General characteristics
- Class & type: Balao-class diesel-electric submarine
- Displacement: 1,526 tons (1550 t) surfaced; 2,424 tons (2460 t) submerged;
- Length: 311 ft 8 in (95.00 m)
- Beam: 27 ft 3 in (8.31 m)
- Draft: 16 ft 10 in (5.13 m) maximum
- Propulsion: 4 × Fairbanks-Morse Model 38D8-1⁄8 9-cylinder opposed-piston diesel engines driving electrical generators; 2 × 126-cell Sargo batteries; 4 × high-speed Elliott electric motors with reduction gears; 2 × propellers; 5,400 shp (4.0 MW) surfaced; 2,740 shp (2.04 MW) submerged;
- Speed: 20.25 knots (37 km/h) surfaced; 8.75 knots (16 km/h) submerged;
- Range: 11,000 nm (20,000 km) surfaced at 10 knots (19 km/h)
- Endurance: 48 hours at 2 knots (4 km/h) submerged; 75 days on patrol;
- Test depth: 400 ft (120 m)
- Complement: 10 officers, 70–71 enlisted
- Armament: 10 × 21-inch (533 mm) torpedo tubes; 6 forward, 4 aft; 24 torpedoes; 1 × 4-inch (102 mm) / 50 caliber deck gun; Bofors 40 mm and Oerlikon 20 mm cannon;

= USS Lancetfish =

Submarine of the United States

USS Lancetfish (SS-296), a Balao-class submarine, was the only ship of the United States Navy to be named for the lancetfish (Alepisaurus ferox), a large voracious, deep sea fish having long lancetlike teeth and a high long dorsal fin.

Her keel was laid down on 30 September 1942 by Cramp Shipbuilding Company of Philadelphia. She was launched on 15 August 1943 sponsored by Miss Beatrice P. Barker, towed to Boston Navy Yard 19 May 1944 for completion, and commissioned 12 February 1945.

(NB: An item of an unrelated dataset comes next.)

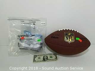 Lot #0075: Wilson NFL Football & 3-Pack Speedo Swim Goggles
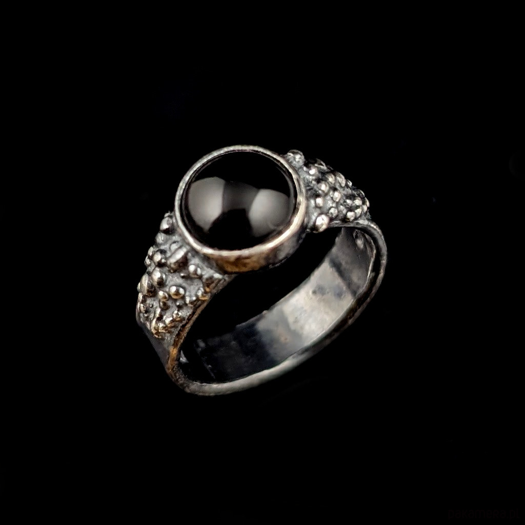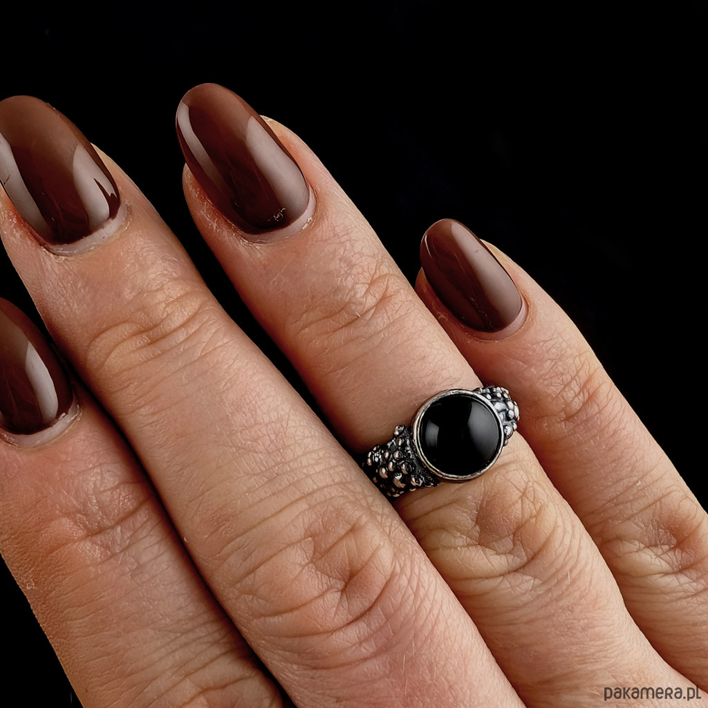 Pierścionek z oprawionym w srebro pr.925 onyksem o czarnej, eleganckiej tafli. Średnica oprawy kamienia 9 mm, rozmiar 11, mogę powiększyć obrączkę na max 12. Waga 5 g. Pierścień zapakowany w ozdobne pudełeczko.

The beginning of the salvage operation for Lancetfish (SS-296), 23 March 1945.

While tied up alongside Pier 8, Lancetfish flooded through an aft torpedo tube and sank 15 March 1945. She was raised eight days later and decommissioned 24 March. Assigned to the Atlantic Reserve Fleet in uncompleted condition, she was transferred to the First Naval District 27 February 1947 and was assigned to the New London Group 9 December 1952. She was struck from the Naval Vessel Register on 9 June 1958 and sold for scrap for $57,189 on 20 August 1959 having never gone to sea on patrol, to Yale Waste Company, Boston, Massachusetts.

Although Lancetfish was commissioned at the time of her sinking, she never saw active service, and she is not counted among the 52 American submarines lost during World War II.